Each level consists of valid observers, and the construction is closed under further interaction.

Step 3: The Hierarchy Is Necessary

Theorem 3.1 (Necessity of hierarchy). A static configuration — a set of observers with no Type III interactions and no relational invariants beyond the fundamental level — is dynamically impossible if the set contains $\geq 2$ observers.

Proof. Let $\mathcal{O}_1, \mathcal{O}_2$ be two observers with $\mathcal{C}(\mathcal{O}_1), \mathcal{C}(\mathcal{O}_2) > 0$ . By Multiplicity (Proposition 4.1), each must have non-self transformations sourced by the other — they necessarily interact. By Three Interaction Types (Theorem 5.1), every non-separable interaction falls into exactly one of three types.

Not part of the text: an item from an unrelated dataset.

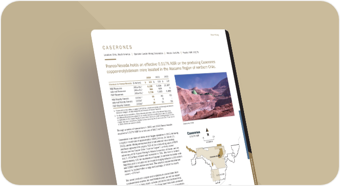 C A S E R O N E S Location: Chile, South America | Operator: Lundin Mining Corporation | Metals: Cu & Mo | Royalty: NSR: 0.517% Franco-Nevada holds an effective 0.517% NSR on the producing Caserones copper-molybdenum mine located in the Atacama Region of northern Chile. 2024 2023 2022 Revenue to Franco-Nevada ($ million) $ 3.9 $ 5.8 $ 3.0 M&I Resource (Mlbs Cu)1 8,195 9,434 10,197 Inferred Resource (Mlbs Cu)1 564 908 0 P&P Reserves (Mlbs Cu)1 5,736 5,990 6,489 M&I Royalty Ounces (000s)1,2 55 80 93 Inferred Royalty Ounces (000s)2 4 8 – P&P Royalty Ounces (000s)2 38 51 59 1 Please refer to the tables on pages 114-120 for a breakout of grade and tonnages by Mineral Resource category; all M&I categories are inclusive of Mineral Reserves 2 For Royalty Ounce calculation, Franco-Nevada estimates 100% of the Mineral Resources and Mineral Reserves are subject to our royalty interest and estimates a rate of 0.4395% is applicable for the copper Royalty Ounces (which factors in a NSR smelting charge of 15%). Copper has been converted to Royalty Ounces assuming $4.25 per pound ($3.75 per pound in 2023, $4.00 per pound in 2022) Through a series of transactions in 2022 and 2023 Franco-Nevada acquired a 0.517% NSR for a net cost of $42.3 million. Caserones is an open pit mine which began operation in 2013, following a capital investment of approximately US$4.2 billion. On March 27, 2023, Lundin Mining announced that it had entered into a binding purchase agreement to acquire 51% of the outstanding equity of SCM Minera Lumina Copper Chile (“Lumina Copper”), a wholly owned subsidiary of JX Nippon Mining & Metals Corporation of Japan, and on July 2, 2024 their interest was increased to 70%. The mine is located approximately 125 km southeast of Copiapó, 9 km from the border with Argentina and is situated at an elevation ranging between 3,200 meters and 5,500 meters above sea level. The porphyry copper-molybdenum deposit is located within a large land package, of which the royalty covers ~170 km2. The asset produces copper and molybdenum concentrates from a conventional crusher, mill and flotation plant, as well as copper cathode from a dump leach, solvent extraction and electrowinning plant (“SX-EW”). The processing facilities have historically produced approximately 100,000 to 120,000 tonnes of copper in concentrate, 1,700 to 2,500 tonnes of molybdenum in concentrate and approximately 25,000 tonnes of copper cathodes per year. Lundin issued guidance for 115,000 to 125,000 tonnes of copper in 2025 (on a 100% basis) and they plan to carry out an 18,000 meter drill program on their large land package. Caserones, Chile 1 Grants the title holder the right to perform mining operations and to extract ore 2 Grants the title holder the right to explore exclusively a determined area for a specified amount of time Caserones 0.517% NSR Chile Caserones Mine Argentina Arica Iquique Antofagasta Santiago Copiapo Relincho Argentina Candelaria Marte-Lobo Jose Maria Los Helados Cerro Casali Andacollo Regalito Caserones Pacifc Ocean Chile Exploitation1 Concession Exploration2/Exploitation1 Concession Caserones Royalty AOI 0.517% NSR kilometer 10 0 N Producing mine in Chile Long life copper asset Large land package and aggressive exploration program Franco-Nevada Corporation ★ 93 TSX / NYSE: FNV Other Mining Additional Information Mineral Resources and Mineral Reserves

We show that a universe with only Type I and Type II interactions (no Type III) is inconsistent with stable coexistence:

Type I only: Type I interactions transfer phase but create no new invariants (Three Types, Definition 4.1). The relational coherence $\mathcal{C}(\mathcal{O}_1 : \mathcal{O}_2)$ remains zero (no relational invariant is generated). But by Multiplicity (Corollary 5.2), mutual definition requires $\mathcal{C}(\mathcal{O}_1 : \mathcal{O}_2) > 0$ . Contradiction.

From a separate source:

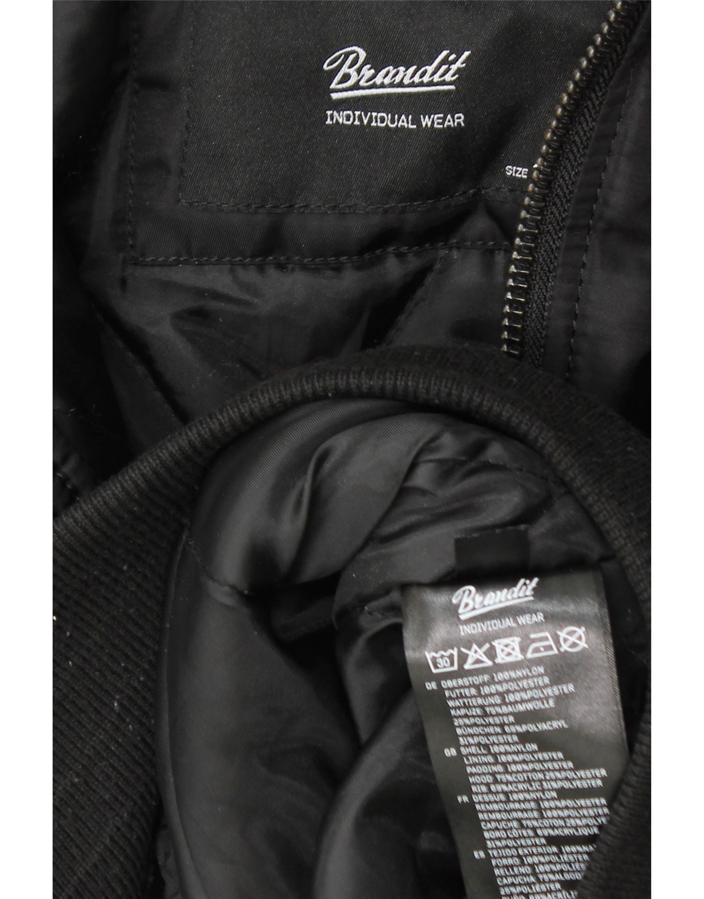 BRANDIT Bomberjakke med hætte til mænd UK 46 3XL Sort Nylon

Type II only: Type II interactions merge observers into composites (Three Types, Definition 4.3), reducing the observer count. Starting from two observers, a single Type II interaction produces one composite, which by Multiplicity (Theorem 2.1) has $\mathcal{C} = 0$ (lone observer). Contradiction.

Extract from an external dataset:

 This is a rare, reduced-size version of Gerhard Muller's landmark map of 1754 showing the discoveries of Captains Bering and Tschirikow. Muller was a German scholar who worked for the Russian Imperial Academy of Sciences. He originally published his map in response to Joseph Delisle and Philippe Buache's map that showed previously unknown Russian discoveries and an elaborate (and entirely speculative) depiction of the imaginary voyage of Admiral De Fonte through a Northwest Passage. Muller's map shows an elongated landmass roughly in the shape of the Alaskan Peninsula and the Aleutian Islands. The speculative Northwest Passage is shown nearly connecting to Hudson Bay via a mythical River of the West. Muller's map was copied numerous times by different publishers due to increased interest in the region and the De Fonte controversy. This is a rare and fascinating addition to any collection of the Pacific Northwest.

Type I + Type II: Combining the two, Type I cannot generate the necessary relational coherence, and Type II reduces the observer count. Neither mechanism can sustain $\mathcal{C}(\mathcal{O}_1 : \mathcal{O}_2) > 0$ for a mutually defining pair.

Therefore at least some interactions must be Type III, generating relational invariants with positive relational coherence. By Theorem 1.1, these relational invariants are themselves observers, establishing the hierarchy. $\square$

Corollary 3.2. The hierarchy grows monotonically in the direction of increasing relational complexity, driven by the coherence conservation axiom. This is not a contingent fact about initial conditions — it is a structural consequence of the axioms.

Step 4: Irreducibility of Higher Levels

Theorem 4.1 (Irreducibility). The observer $\mathcal{O}_{12}$ is irreducible — its invariant $I_{12}$ cannot be expressed as a function of $I_1$ and $I_2$ alone.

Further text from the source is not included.